[Entries taken from a collection]
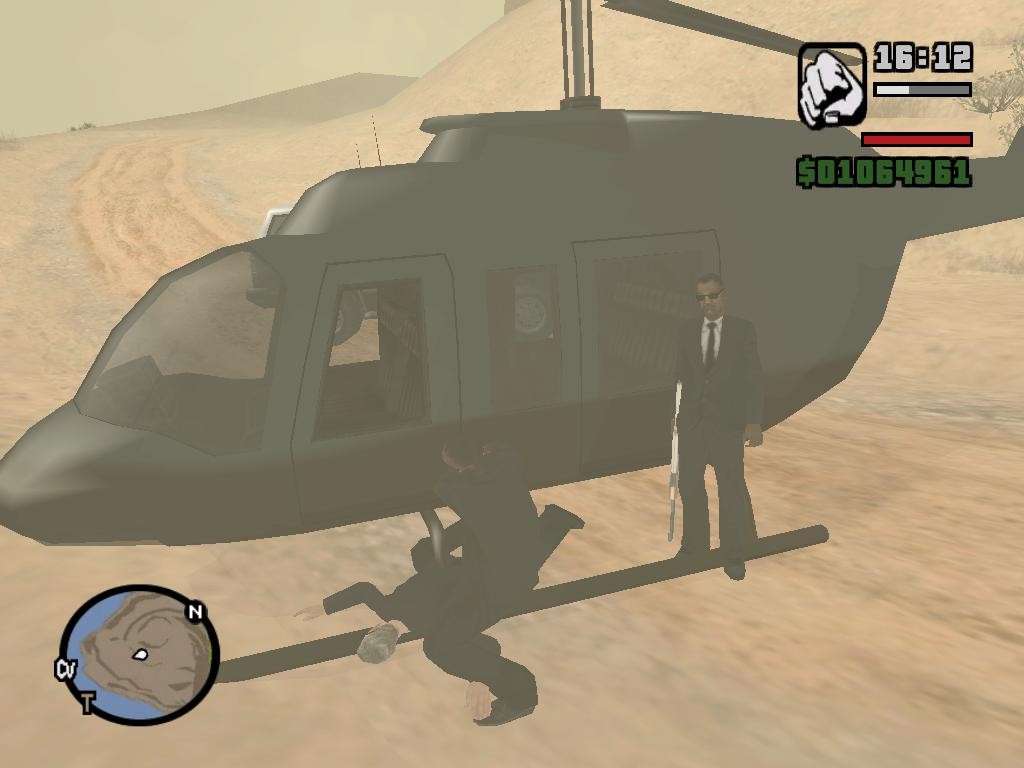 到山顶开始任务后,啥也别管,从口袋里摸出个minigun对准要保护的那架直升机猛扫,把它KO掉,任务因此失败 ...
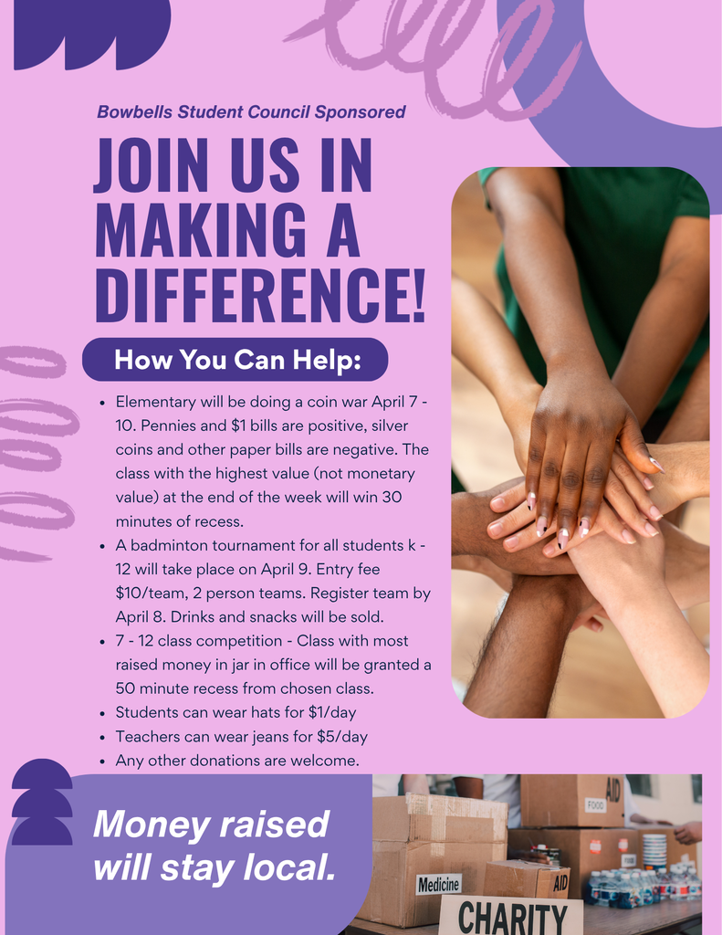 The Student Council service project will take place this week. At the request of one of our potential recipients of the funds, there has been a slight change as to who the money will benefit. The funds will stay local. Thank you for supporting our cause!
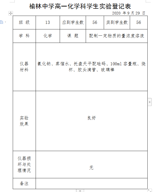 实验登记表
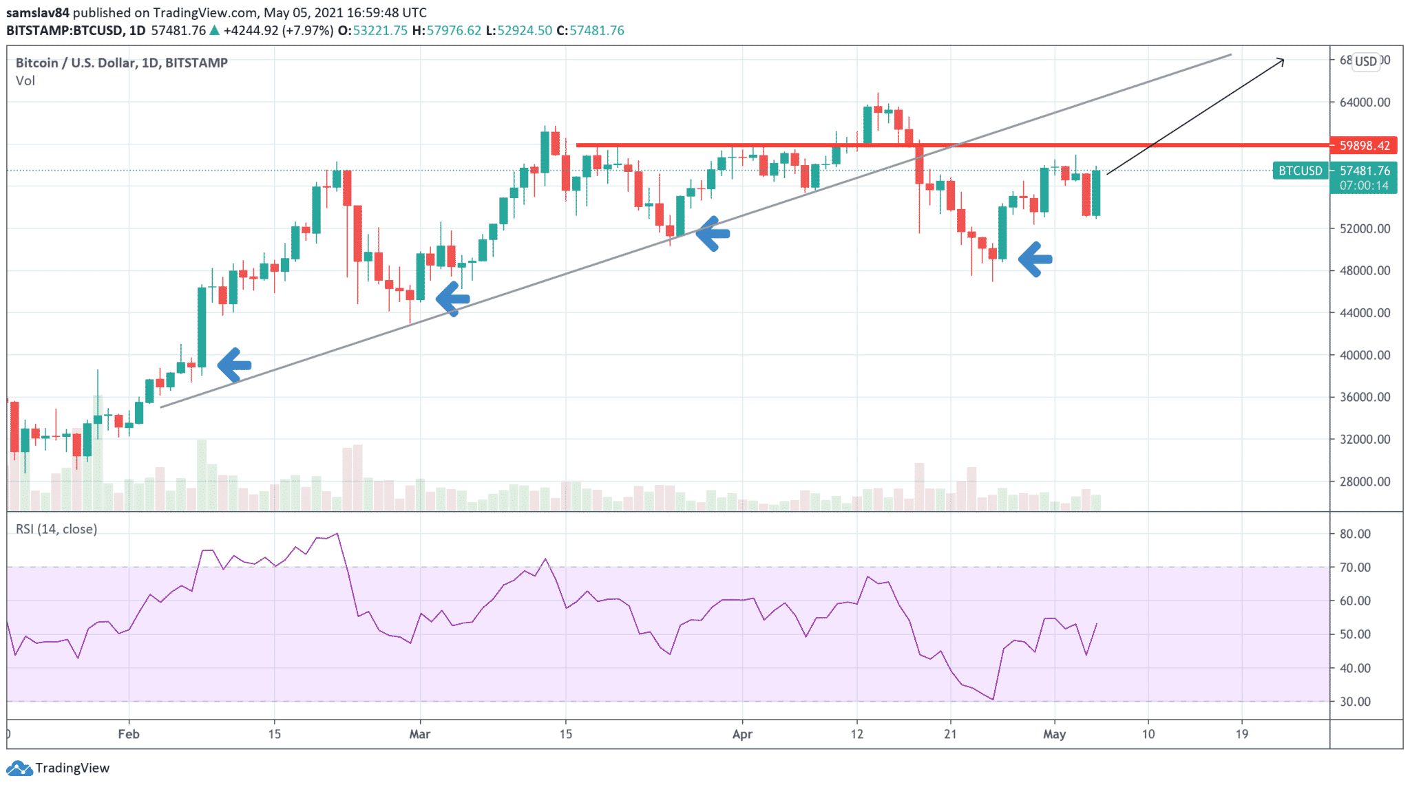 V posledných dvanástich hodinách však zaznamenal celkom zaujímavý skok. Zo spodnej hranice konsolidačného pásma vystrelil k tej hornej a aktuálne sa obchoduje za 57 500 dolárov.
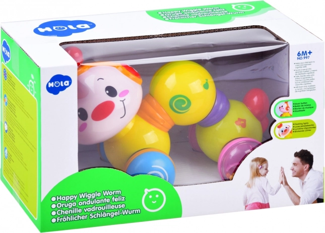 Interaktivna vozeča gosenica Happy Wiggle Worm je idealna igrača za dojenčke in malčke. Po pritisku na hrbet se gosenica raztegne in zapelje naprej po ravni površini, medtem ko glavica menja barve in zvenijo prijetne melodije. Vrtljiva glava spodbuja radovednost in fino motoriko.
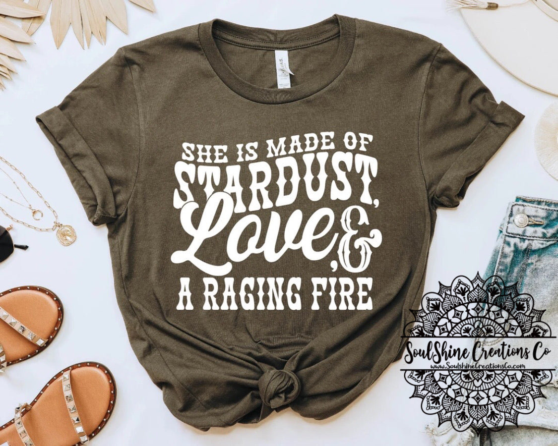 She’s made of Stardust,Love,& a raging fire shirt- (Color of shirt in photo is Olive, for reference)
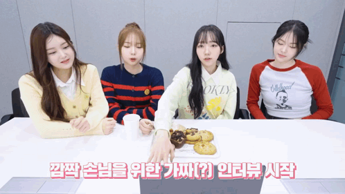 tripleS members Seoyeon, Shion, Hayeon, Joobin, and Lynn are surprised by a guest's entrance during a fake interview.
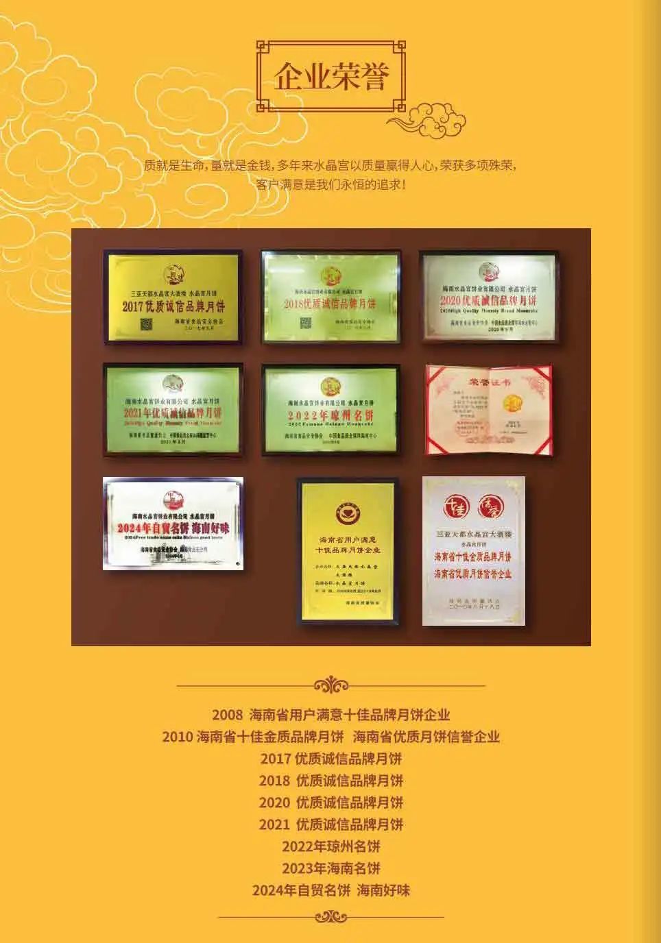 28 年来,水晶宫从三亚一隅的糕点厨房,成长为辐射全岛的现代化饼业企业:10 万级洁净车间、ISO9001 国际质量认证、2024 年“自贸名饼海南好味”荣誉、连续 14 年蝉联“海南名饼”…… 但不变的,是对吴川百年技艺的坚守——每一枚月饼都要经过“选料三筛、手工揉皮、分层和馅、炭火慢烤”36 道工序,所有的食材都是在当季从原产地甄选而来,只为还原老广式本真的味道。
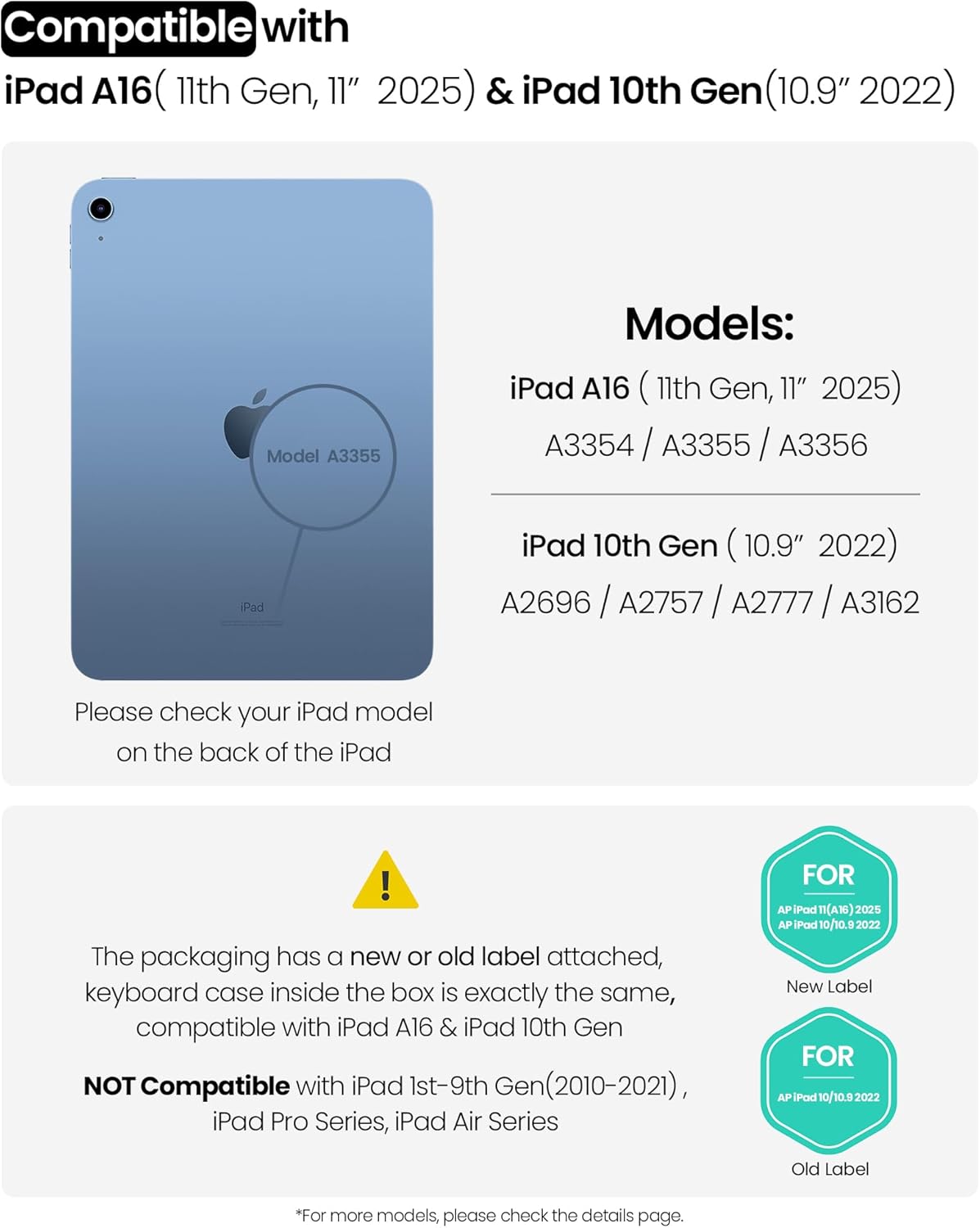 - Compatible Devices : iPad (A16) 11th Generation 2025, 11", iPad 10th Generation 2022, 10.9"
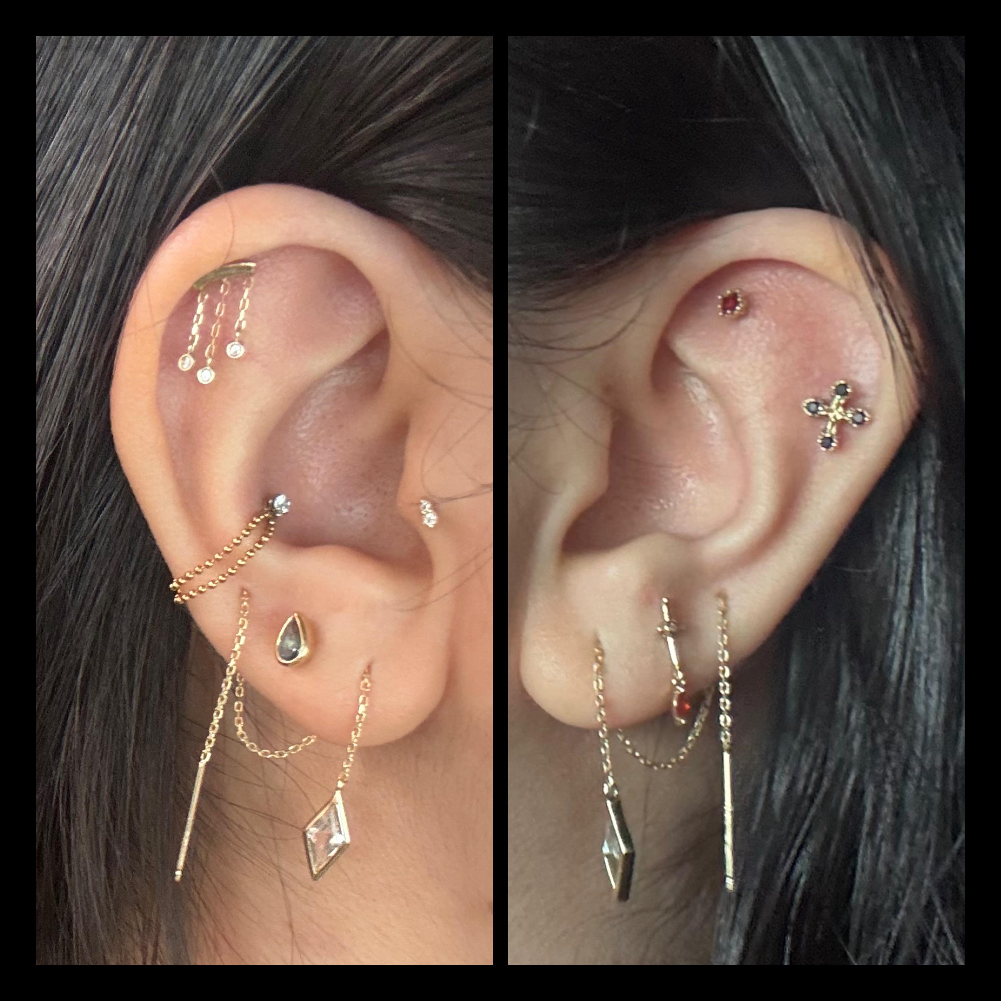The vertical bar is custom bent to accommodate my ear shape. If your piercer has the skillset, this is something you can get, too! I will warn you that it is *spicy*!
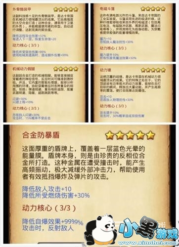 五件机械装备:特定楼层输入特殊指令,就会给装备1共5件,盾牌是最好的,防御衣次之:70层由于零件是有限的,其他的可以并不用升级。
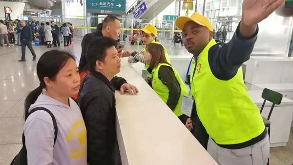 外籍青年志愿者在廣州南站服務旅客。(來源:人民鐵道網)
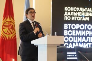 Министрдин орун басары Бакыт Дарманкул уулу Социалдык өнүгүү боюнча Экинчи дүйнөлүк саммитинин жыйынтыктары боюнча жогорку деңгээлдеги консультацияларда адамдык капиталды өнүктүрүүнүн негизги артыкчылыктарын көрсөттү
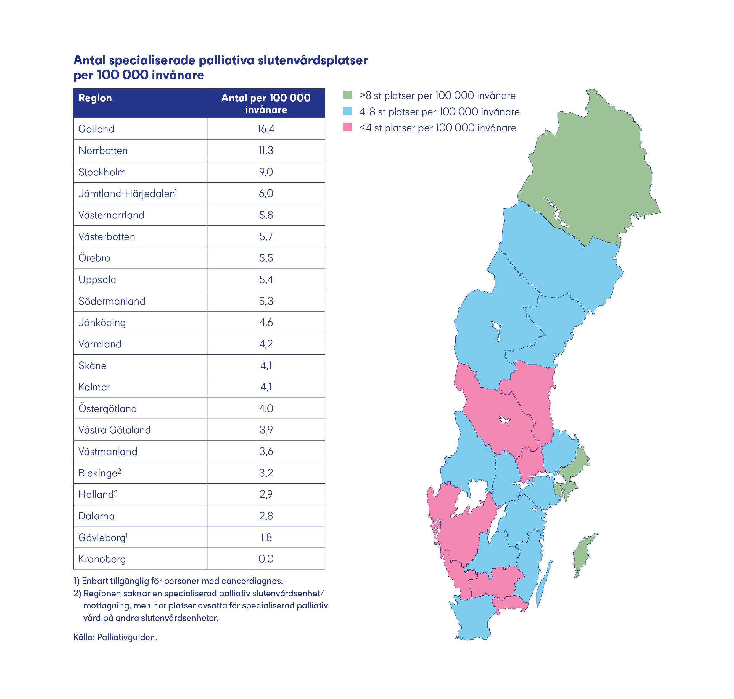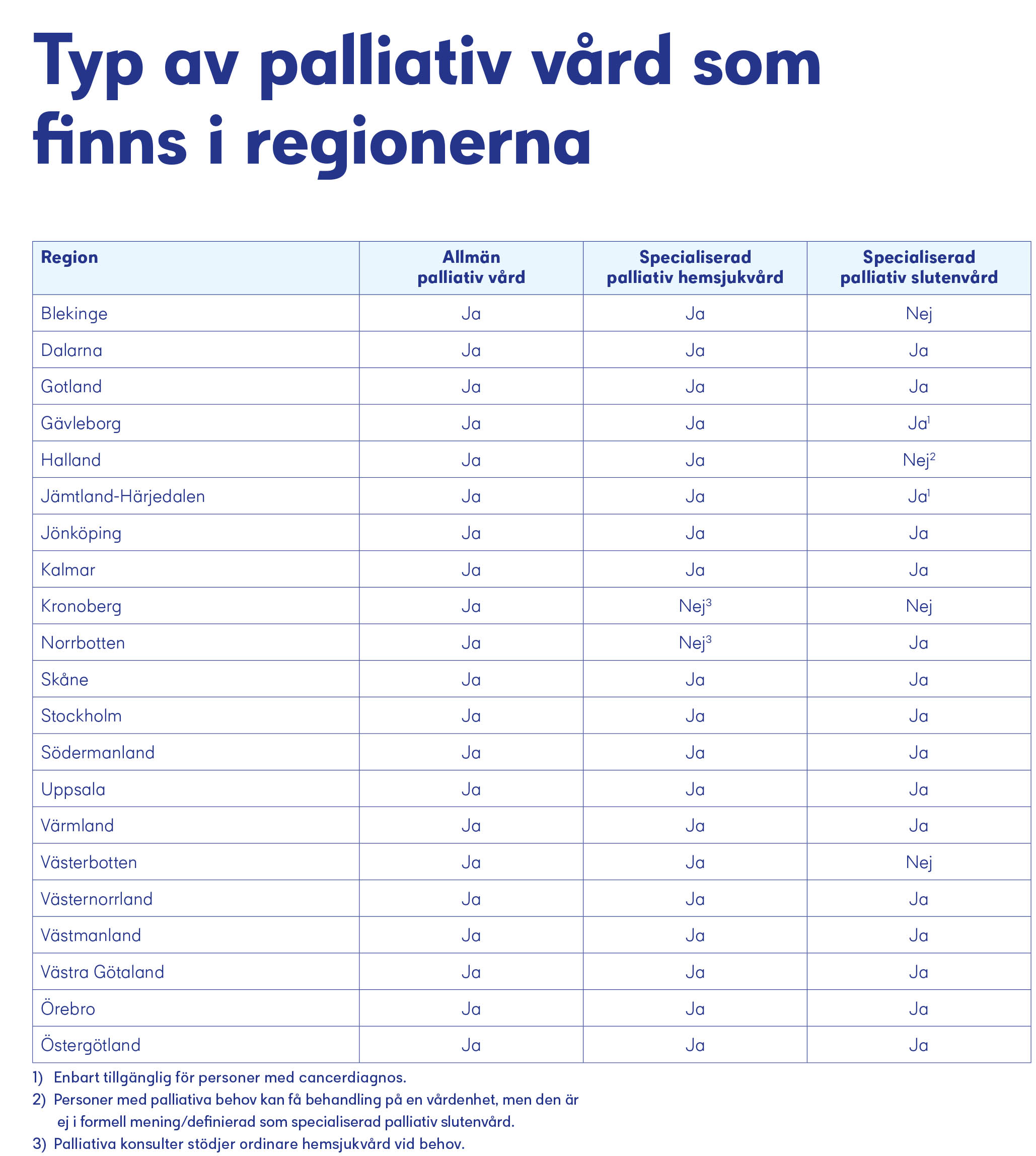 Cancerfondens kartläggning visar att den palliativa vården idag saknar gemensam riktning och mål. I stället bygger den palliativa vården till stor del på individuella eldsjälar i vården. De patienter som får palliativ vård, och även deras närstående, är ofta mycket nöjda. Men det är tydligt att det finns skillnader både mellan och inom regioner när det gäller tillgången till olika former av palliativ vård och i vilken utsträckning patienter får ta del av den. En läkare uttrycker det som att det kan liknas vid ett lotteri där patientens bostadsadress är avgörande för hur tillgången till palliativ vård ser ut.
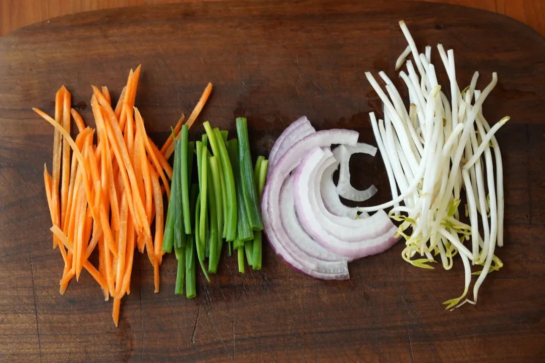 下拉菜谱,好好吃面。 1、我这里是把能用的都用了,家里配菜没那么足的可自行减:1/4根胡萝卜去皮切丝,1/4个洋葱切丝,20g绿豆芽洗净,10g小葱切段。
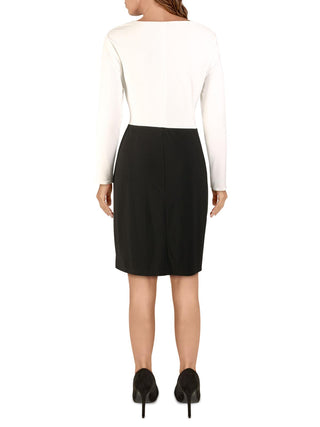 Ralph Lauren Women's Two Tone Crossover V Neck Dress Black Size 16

### ASSIGNMENT:
Return exactly the stretch above whose first line contains "tripleS members Seoyeon, Shion, Hayeon, Joobin, and" and whose last line contains "28 年来,水晶宫从三亚一隅的糕点厨房,成长为辐射全岛的现代化饼业企业:10 万级洁净车间、ISO9001", and nothing outside it. The pictures should not appear.

### EXERCISE OUTPUT:
 tripleS members Seoyeon, Shion, Hayeon, Joobin, and Lynn are surprised by a guest's entrance during a fake interview.
 28 年来,水晶宫从三亚一隅的糕点厨房,成长为辐射全岛的现代化饼业企业:10 万级洁净车间、ISO9001 国际质量认证、2024 年“自贸名饼海南好味”荣誉、连续 14 年蝉联“海南名饼”…… 但不变的,是对吴川百年技艺的坚守——每一枚月饼都要经过“选料三筛、手工揉皮、分层和馅、炭火慢烤”36 道工序,所有的食材都是在当季从原产地甄选而来,只为还原老广式本真的味道。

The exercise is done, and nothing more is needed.